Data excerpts
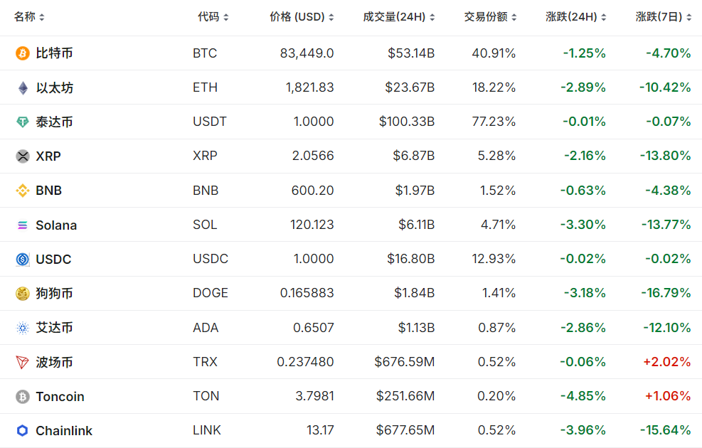 过去7个交易日的时间,比特币跌幅接近5%,以太坊跌超10%,艾达币跌超12%。Solana、XRP跌超13%,狗狗币跌超16%。上述币种的集体下跌,意味着数字货币正承受着巨大的抛售压力,反映出投资者对贸易紧张局势以及关税对经济的更广泛影响的强烈担忧。
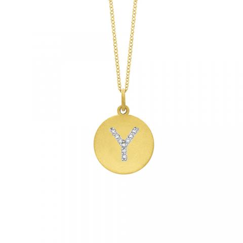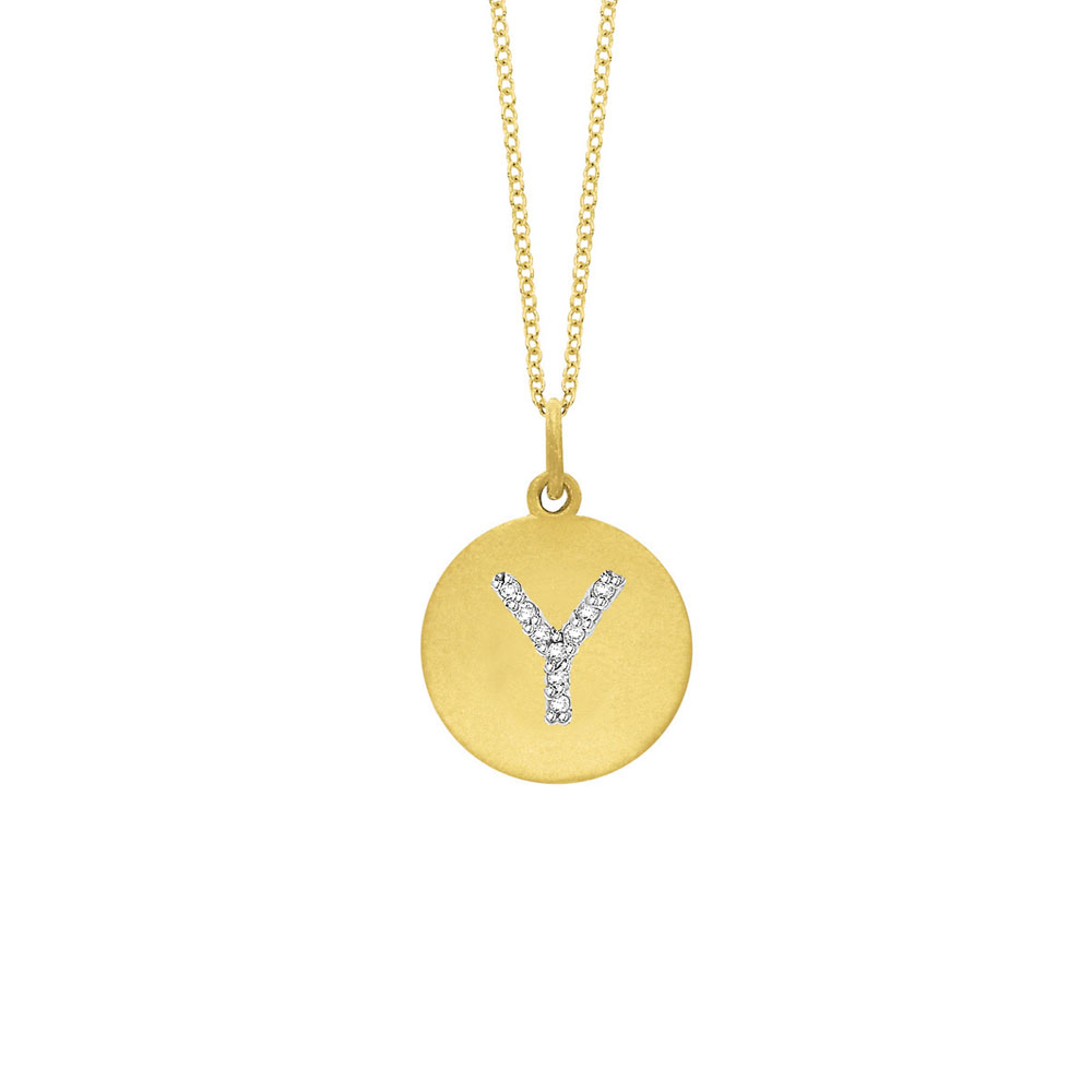 Diamond Disc Initial "Y" Necklace in 14k Yellow Gold with 9 Diamonds weighing .05ct tw.
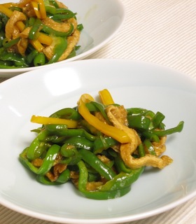 ピーマンと油揚げは5ミリ幅の細切りにし、耐熱の器に入れ片栗粉をまんべんなくまぶす。(出来れば油揚げは油抜きしておく)
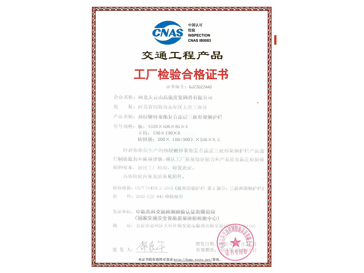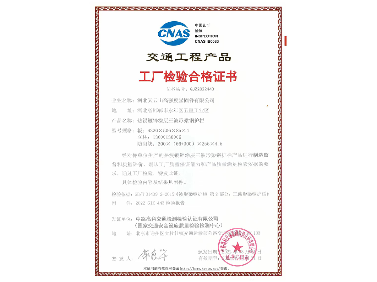 三波形梁鋼護欄工廠檢驗合格證書
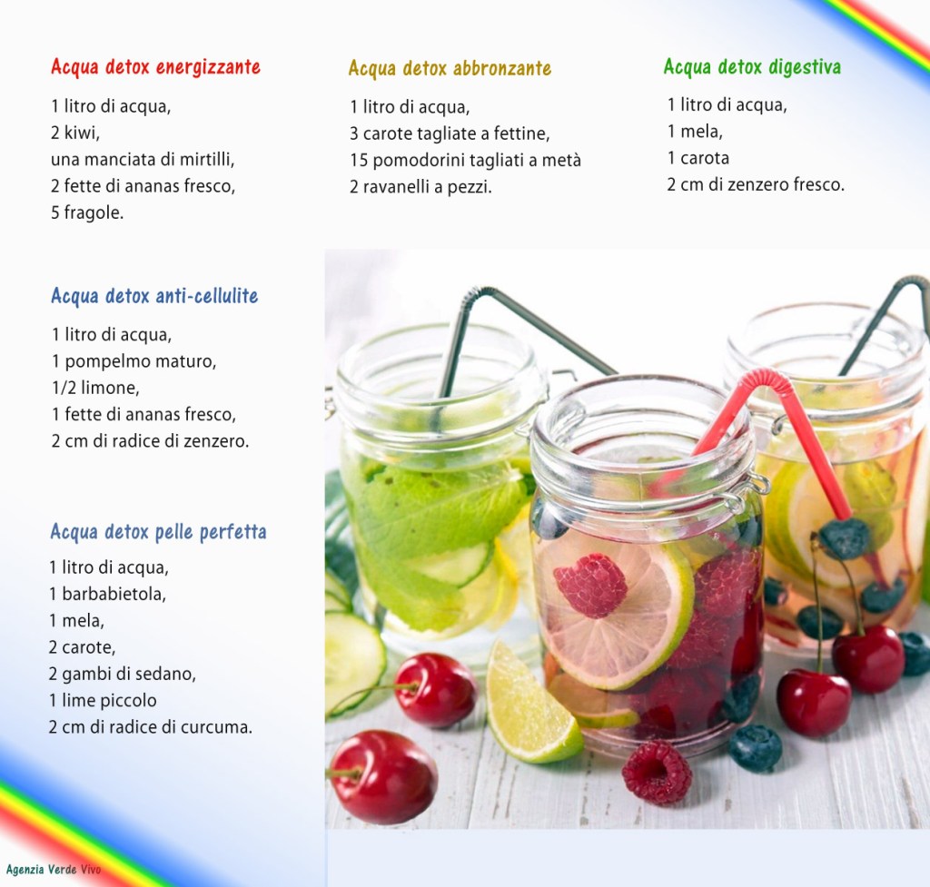 Da provare diversi mix come fragole, limone e menta o cetriolo, lime e pesca o ciliegie, lamponi e zenzero, secondo l’esigenza del momento oppure secondo frutta e verdure a disposizione in frigo.
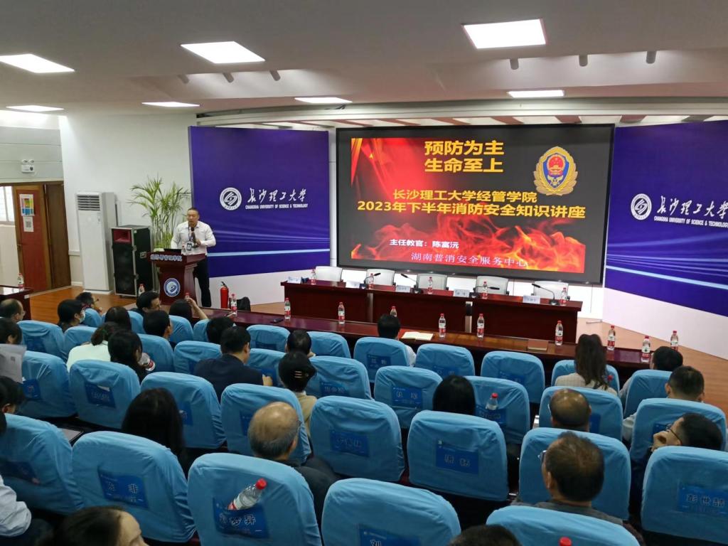 117日下午,经管学院在金盆岭校区12200报告厅召开2023年秋季学期第五次教职工大会,进行消防安全专题教育讲座,主讲人为湖南省普消安全服务中心陈富沅教官,学院党委副书记唐青主持会议

INSTRUCTIONS FOR THE TASK
Only the lines from the one containing "ピーマンと油揚げは5ミリ幅の" through the last line of the data belong in the copy, both included and reproduced exactly. Pictures do not.

WRITTEN RESPONSE
 ピーマンと油揚げは5ミリ幅の細切りにし、耐熱の器に入れ片栗粉をまんべんなくまぶす。(出来れば油揚げは油抜きしておく)
 三波形梁鋼護欄工廠檢驗合格證書
 Da provare diversi mix come fragole, limone e menta o cetriolo, lime e pesca o ciliegie, lamponi e zenzero, secondo l’esigenza del momento oppure secondo frutta e verdure a disposizione in frigo.
 117日下午,经管学院在金盆岭校区12200报告厅召开2023年秋季学期第五次教职工大会,进行消防安全专题教育讲座,主讲人为湖南省普消安全服务中心陈富沅教官,学院党委副书记唐青主持会议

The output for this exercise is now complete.